Кто не спрятался - Яна Вагнер
Шрифт:
Интервал:
Закладка:
Оборачиваясь на шум у себя за спиной, она видит Оскара, который лежит на снегу с онемевшей, расквашенной щекой, и Петюню, своего кроткого мужа, сидящего у Оскара на груди. Сука, говорит Петюня, упираясь коленями в Оскаровы ребра. Это ты. Это же ты. Гад. Гад! Петюнино лицо (видит Таня) кривится и дергается. Он заносит кулак еще раз, но не бьет. Опрокинутый на спину, словно черепаха, Оскар не сводит глаз с этого зависшего в воздухе некрупного кулака.
– Я бы очень просил вас, – произносит Оскар осторожно. Вероятно, когда твои легкие расплющены чужими коленями, говорить неудобно.
– Я очень просил бы вас взять себя в руки. Вам потом будет неловко.

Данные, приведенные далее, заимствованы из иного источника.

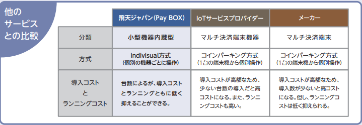 飛天ジャパンの「Pay BOX」は、今お使いの洗濯機・乾燥機のメーカーを問いません。既存のコイン投入口の仕組みに接続する「後付け」タイプのため、A社・B社など異なるメーカーの機器が混在する店舗でも、全ての機器をまとめてキャッシュレス化できます。

Надо отдать ему должное, думает Таня, он ведет себя очень грамотно, этот странный заморыш. Учитывая, что он заперт на горе с восемью незнакомцами, которые будут только счастливы обвинить в Сониной смерти именно его, чужака. Без связи, без поддержки цивилизованной европейской полиции. Если не удастся быстро разобраться в том, что тут случилось, думает Таня, мы сейчас начнем вести себя как дикари. Станем играть в Повелителя мух. И бог знает, сколько это продлится, а ведь ему нужно просто продержаться. Интересно, как он планирует выкручиваться.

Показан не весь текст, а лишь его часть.